Question

Why don't phylogenetic analyses using DNA sequences and protein sequences result in identical trees?

2

Entering edit mode

7.4 years ago

mafrah18 ▴ 20

I run phylogenetic analysis for the DNA sequences and phylogenetic analysis for the protein sequences using the rooted UPGMA method for the same Accession number “AB032107” ,but the trees not identical, why ?why the protein sequence and DNA sequence don't give the same tree? enter image description here

sequencing sequence phylogenetic • 3.5k views

ADD COMMENT • link updated 6.6 years ago by Biostar 20 • written 7.4 years ago by mafrah18 ▴ 20

0

Entering edit mode

Hello mafrah18!

It appears that your post has been cross-posted to another site: http://biology.stackexchange.com/questions/54163/why-dont-phylogenetic-analyses-using-dna-sequences-and-protein-sequences-result

If this post is not yours then let us know, but it appears to be very similar.
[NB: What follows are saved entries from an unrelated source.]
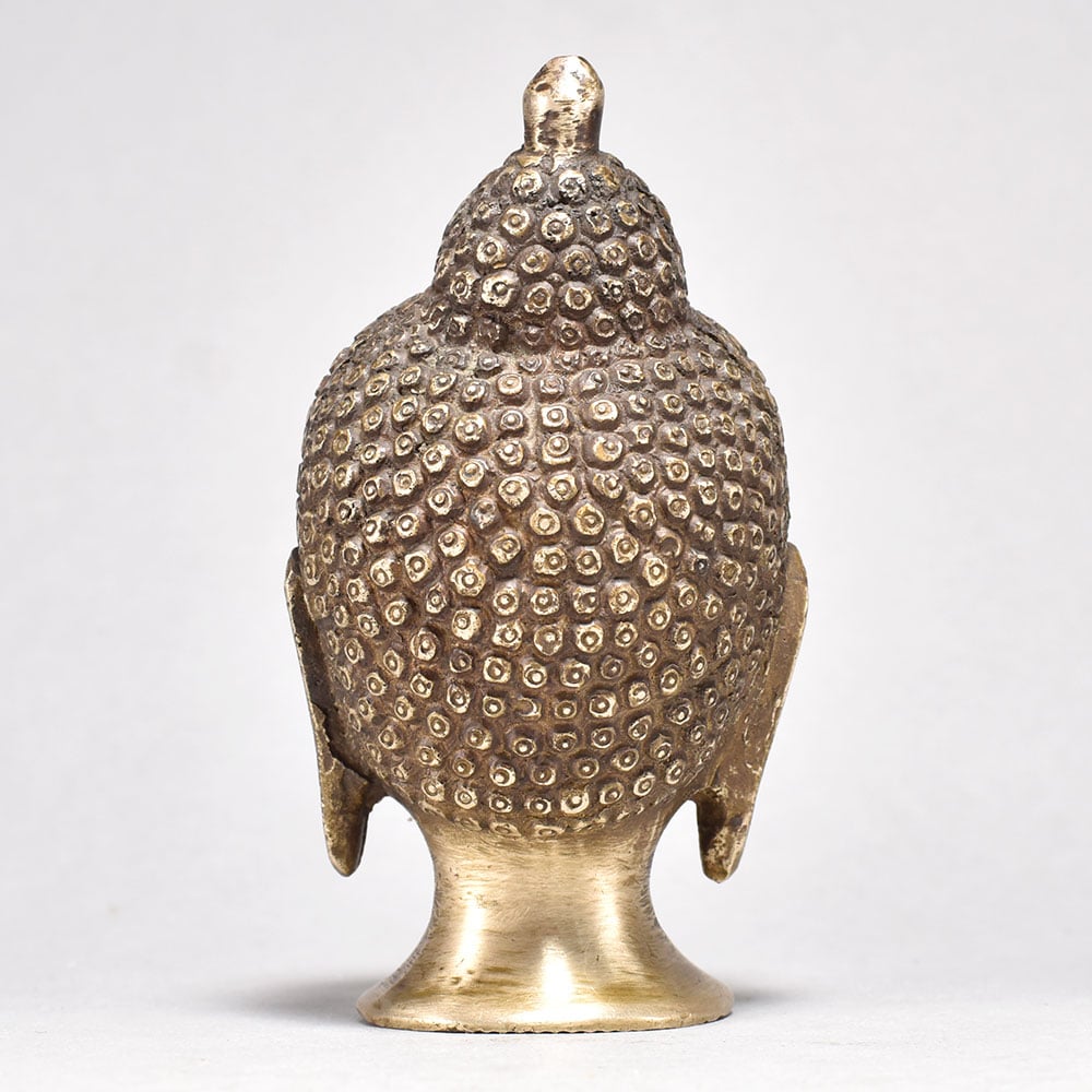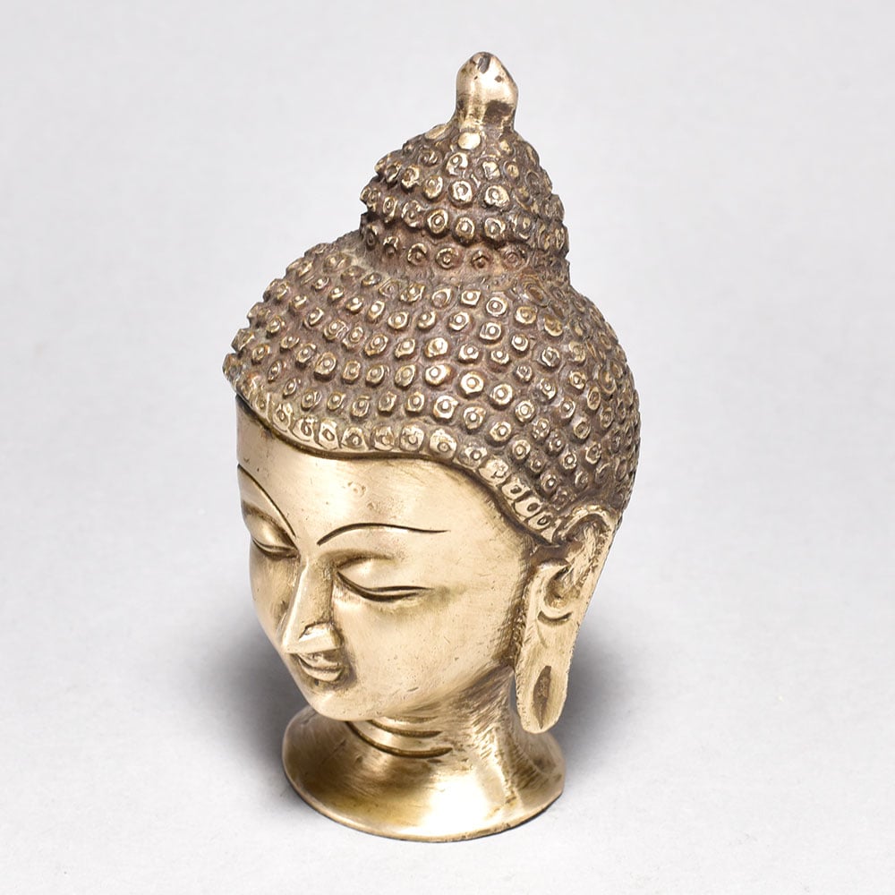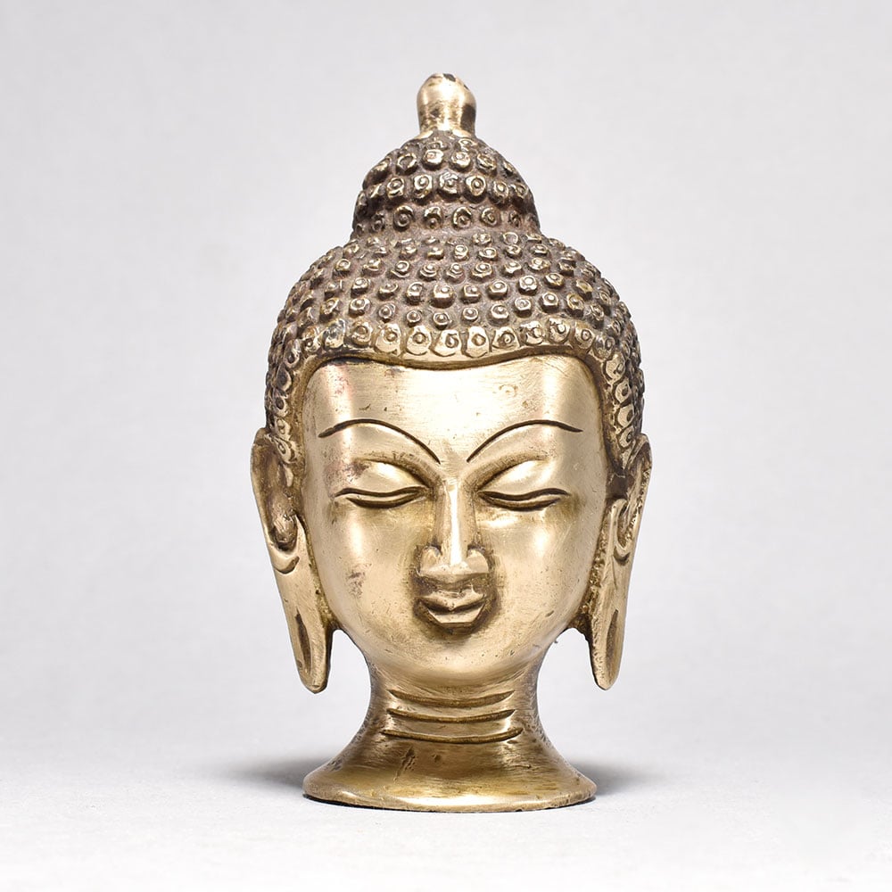 Bring the serene wisdom of the Buddha into your home with this stunning brass sculpture.Imbue your space with a sense of peace and contemplation. This Lord Buddha Head is a work of fine art that commands attention, reminding us to slow down and find inner calm amidst the chaos of everyday life. Whether placed on a shelf, table, or altar, this brass sculpture will infuse your surroundings with the enlightened energy of the Buddha. Handcrafted in the Tibetan tradition using premium metal Intricate carvings in traditional Tibetan script Produces a soothing, resonant tone perfect for sound therapy Helps induce deep relaxation and mindfulnessHandcrafted from premium brass Captures the tranquil expression of the Buddha Elegant, timeless design perfect for display Makes a thoughtful, meaningful gift This unique handcrafted piece is a testament to traditional artistry, blending functionality with beauty and making it a treasured collectible for years to come.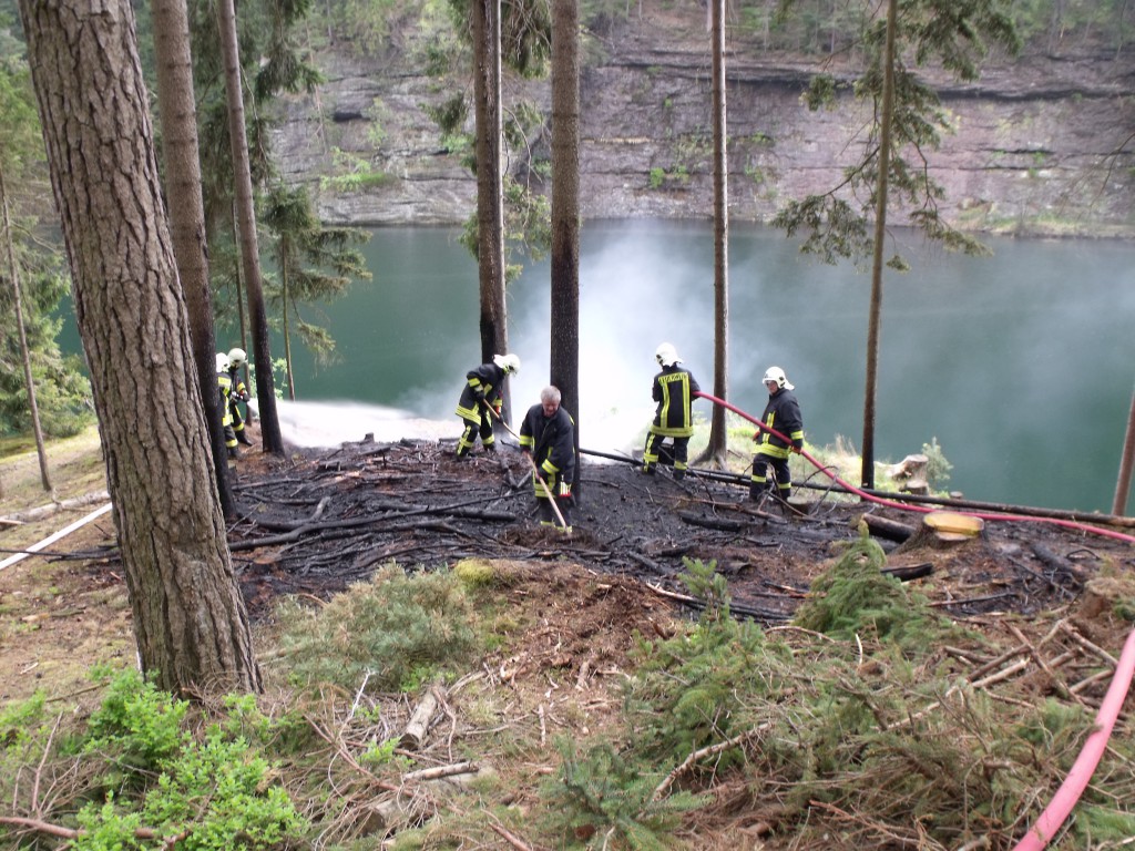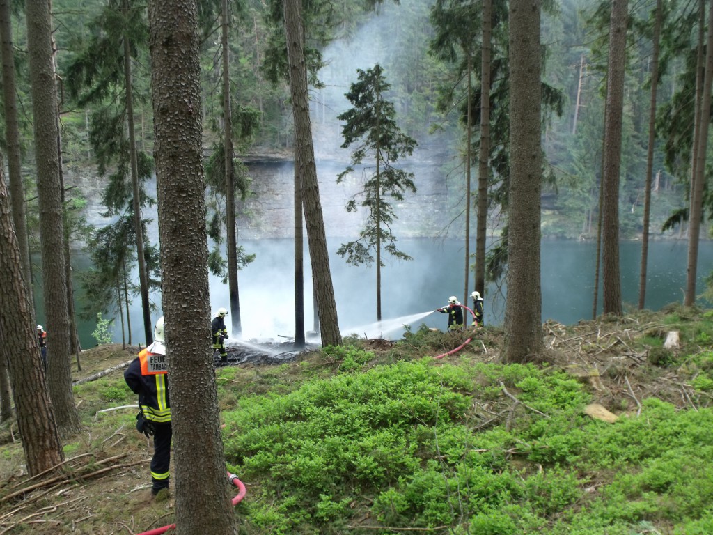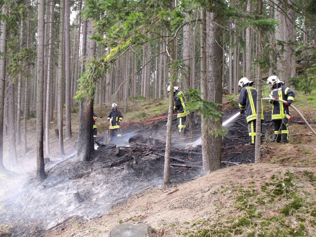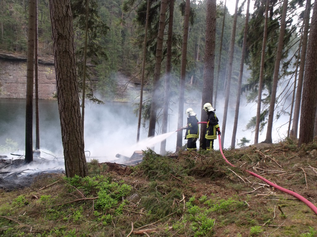 Aus nicht ganz 100% geklärten Umständen, brannte heute ein ca. 10 m x 20 m großes Stück Wald. Glücklicherweise befand sich genau daneben die Gothaer Talsperre, deswegen gab es keine Probleme mit der Löschwassergewinnung. Zur Unterstützung kamen noch die Feuerwehren von Georgenthal und Nauendorf. Das Feuer war nach wenigen Minuten unter Kontrolle und gelöscht. Danke an alle Mitwirkenden.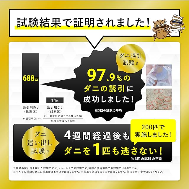 ✅ダニの誘引試験では97.9%のダニの誘引に成功。ダニシートから放たれるDNTECH-αがダニを誘き寄せます。国内ダニトリシートトップレベルの誘引力です。匂いは設置しても気にならない匂いで、日々の生活もストレスフリーで過ごすことが可能です。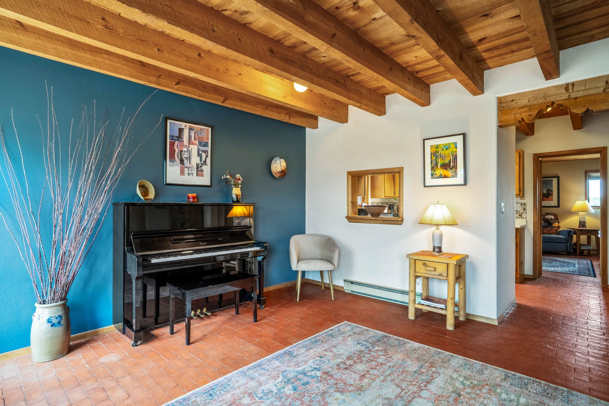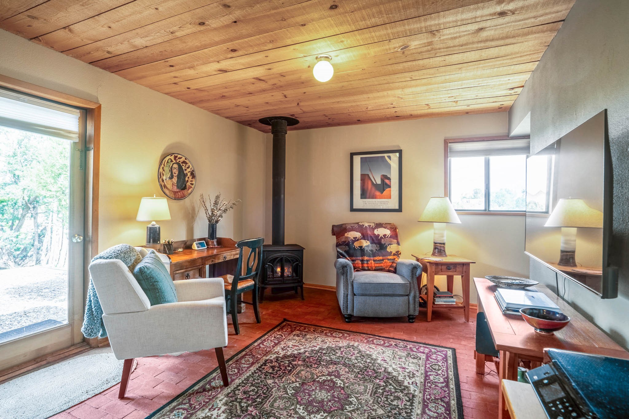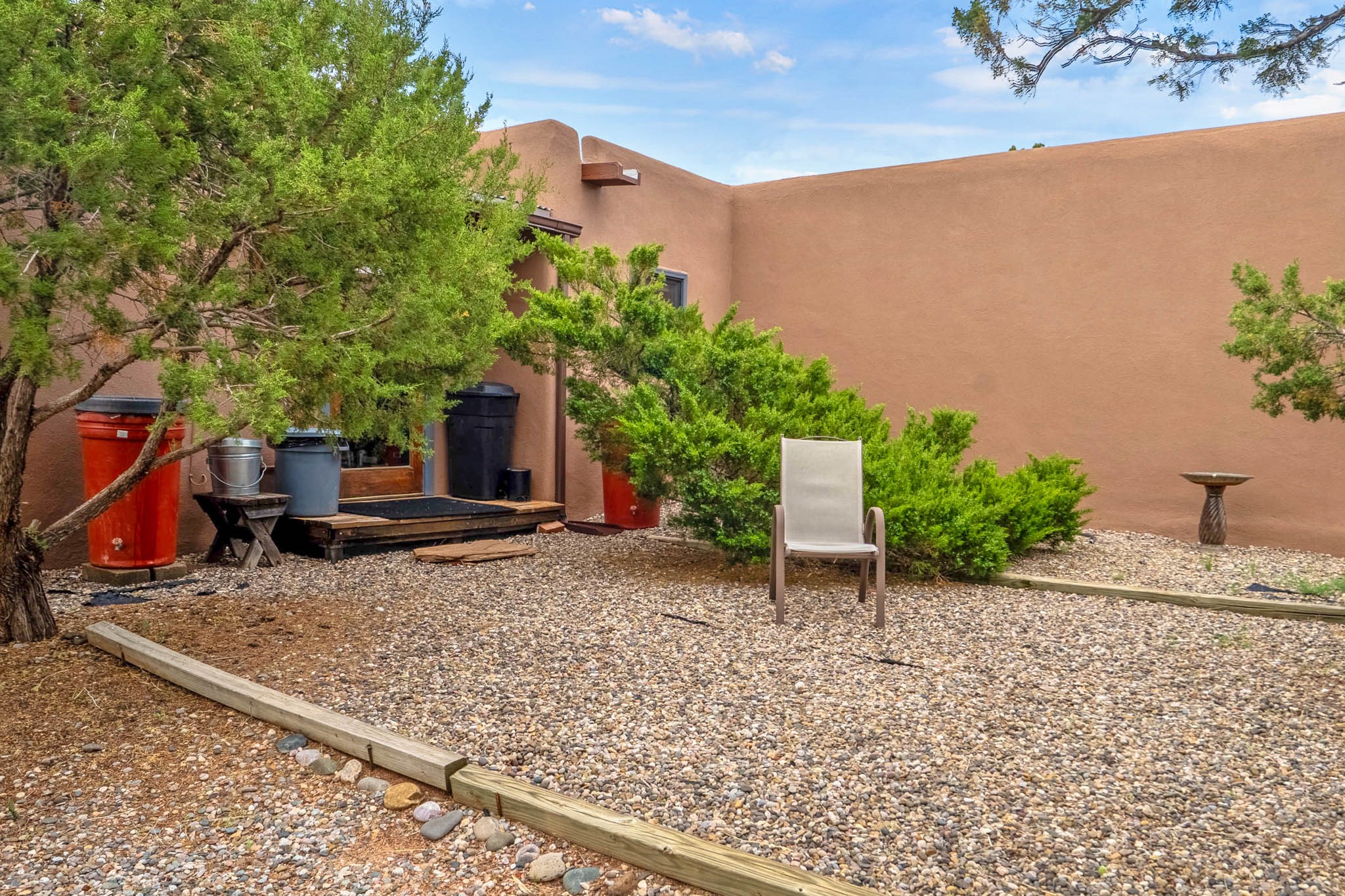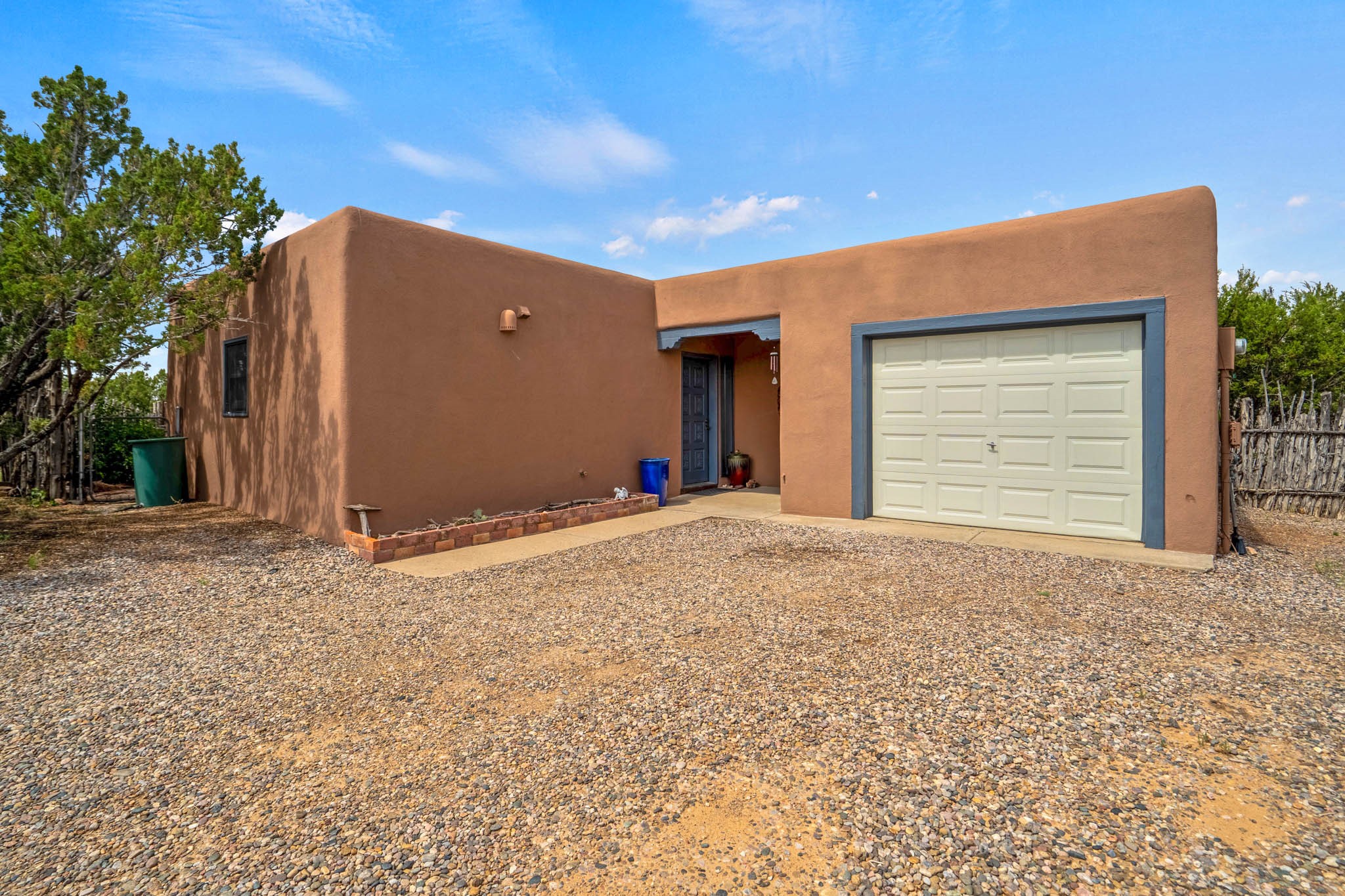Eldorado Living : A Serene RetreatBuilt with care by respected builder Russ McMillan, this residence seamlessly blends modern comfort with classic appeal. Experience the warmth and inherent charm of distinctive brick floors throughout, viga ceilings, and a cozy Kiva fireplace. Designed with sustainability in mind and perched on a tree covered corner lot, it offers both a sense of secluded privacy and a charming presence that invites you in. Abundant pinon and juniper trees offer sanctuary for the many native birds that call NM home. Featuring 2 Bedrooms and 2 baths. it's more than just a house; it's a character-filled haven waiting for you.

This is typically not recommended as it runs the risk of annoying people in both communities.

ADD REPLY • link 7.4 years ago by GenoMax 141k

score 2 · Answer 1 · 2016-12-12

2

Entering edit mode

7.4 years ago

Thomas ▴ 160

Because a DNA sequence and the equivalent polypeptide sequence does not contain the same information.

In the transition from DNA -> polypeptide, information is lost.

A codon will always map to the same single amino acid, but an amino acid does not map back just to one single codon. Hence, there is some ambiguity.

As phylogenetic trees, are constructed in part on the basis of the similarity between biological sequences, and polynucleotide and polypeptide sequences contains differing information - it is entirely possible to construct phylogenetic trees from the DNA and corresponding polypeptide sequence and get differing results.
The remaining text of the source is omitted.